Suppose \(V\) is a vector space with orthonormal basis \(\{|i\rangle_{V}\}\) and \(A:V\to V\) is a \(m\times m\) positive operator. Suppose \(W\) is a vector space with orthonormal basis \(\{|j\rangle_{W}\}\) and \(B:W\to W\) is a \(n\times n\) positive operator. Then the tensor product of \(A\) and \(B\) is an operator \(A\otimes B : V\otimes W\to V\otimes W\), and the basis in vector space \(V\otimes W\) is \(\{|i\rangle_{V}\otimes|j\rangle_{W}\}\). To prove operator \(A\otimes B\) is positive, we need to prove for arbitrary vector \(|\psi\rangle \in V\otimes W\), we have

(1)\[ \langle \psi|A\otimes B |\psi\rangle \geq 0, \text{where }|\psi\rangle = \sum_{i,j} c_{ij} |i\rangle_{V}\otimes|j\rangle_{W} \]

We could compute \(\langle \psi|A\otimes B|\psi\rangle \) directly as

(2)\[\begin{split} \begin{align} \langle \psi|A\otimes B|\psi\rangle &= \left(\sum_{i',j'} c^{*}_{i'j'} \langle i'|_{V}\otimes\langle j'|_{W}\right)A\otimes B \left(\sum_{i,j} c_{ij} |i\rangle_{V}\otimes|j\rangle_{W}\right) \\ &= \sum_{i,i',j,j'} c^{*}_{i'j'}c_{ij} \langle i'|A|i\rangle \langle j'|B|j\rangle \\ &= \sum_{i,j} |c_{ij}|^2 \langle i|A|i\rangle \langle j|B|j\rangle \\ \end{align} \end{split}\]

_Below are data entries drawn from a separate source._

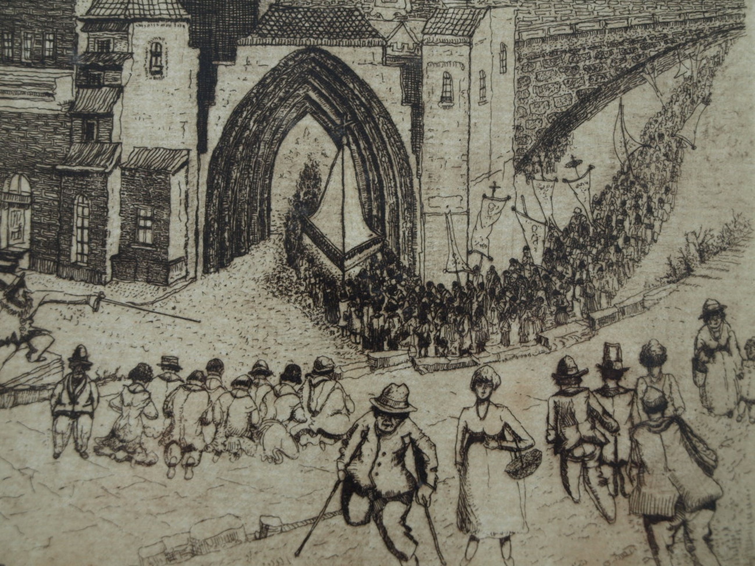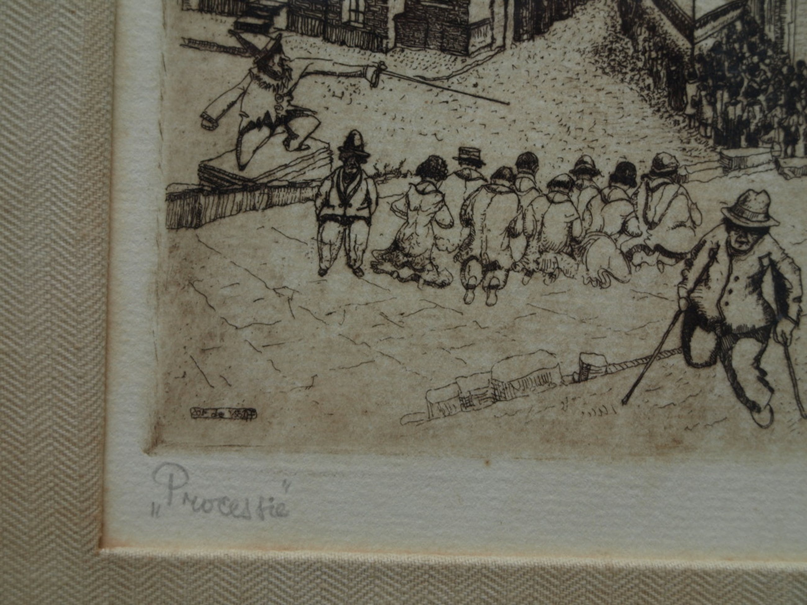 Een ets uit 1941 van de Nederlandse kunstenaar Cor de Wolff met een voorstelling van een processie. Mogelijk betreft het hier de processie van het katholieke St. Jans feest, de St. Jans processie.
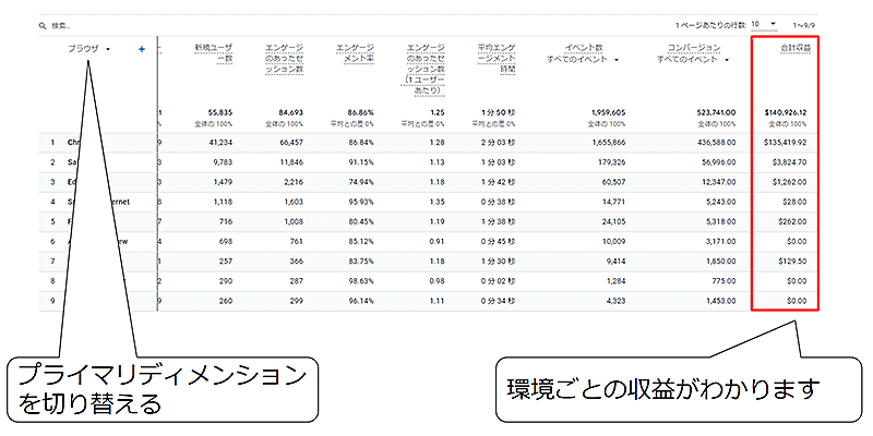 eコマースの設定をしておけば、合計収益というのがレポートで出るのですが、ブラウザ別にいくらくらい購入されたかがわかります。ここでは「プライマリディメンション」に切り替えても良いでしょう。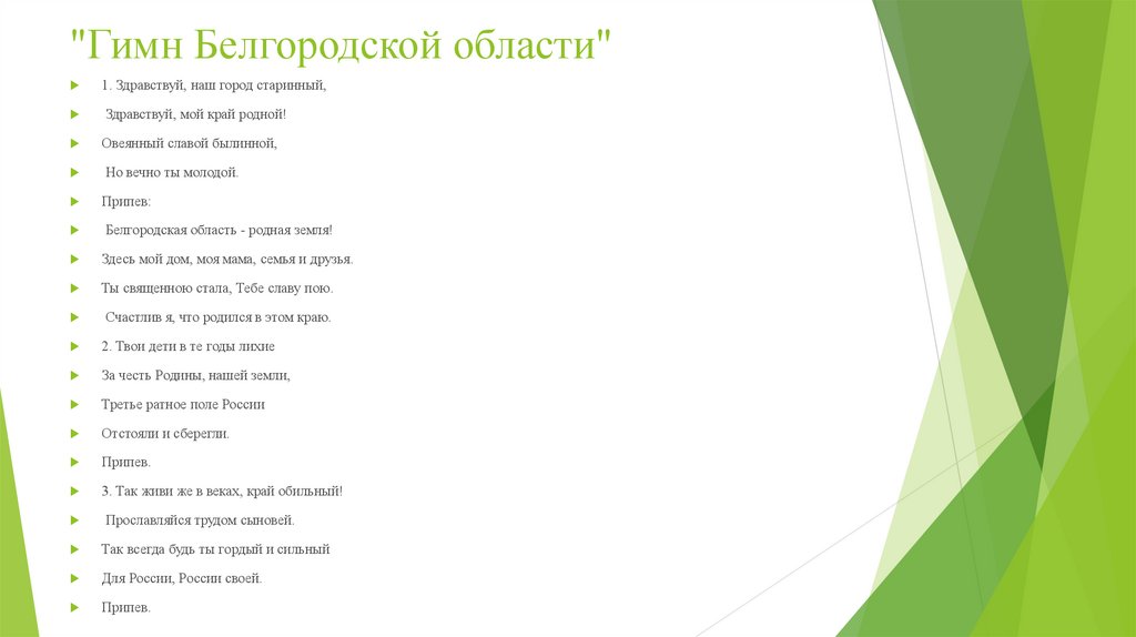"Гимн Белгородской области"1. Здравствуй, наш город старинный,

Note that \(A\) and \(B\) are positive operator, then for basis vector \(|i\rangle_{V}\) and \(|j\rangle_W\), we should always have \(\langle i|A|i\rangle\geq 0\) and \(\langle j|B|j\rangle\geq 0\). Also, since for any coefficient \(c_{ij}\), we have \(|c_{ij}|^2 \geq0\), for eq. (2) we should have

(3)\[ \langle \psi|A\otimes B|\psi\rangle = \sum_{i,j} |c_{ij}|^2 \langle i|A|i\rangle \langle j|B|j\rangle \geq 0 \]

Then we could conclude that, \(\langle \psi|A\otimes B|\psi\rangle \geq 0 \) for arbitrary state \(|\psi\rangle \in V\otimes W\), and the tensor product of two positive operators is positive.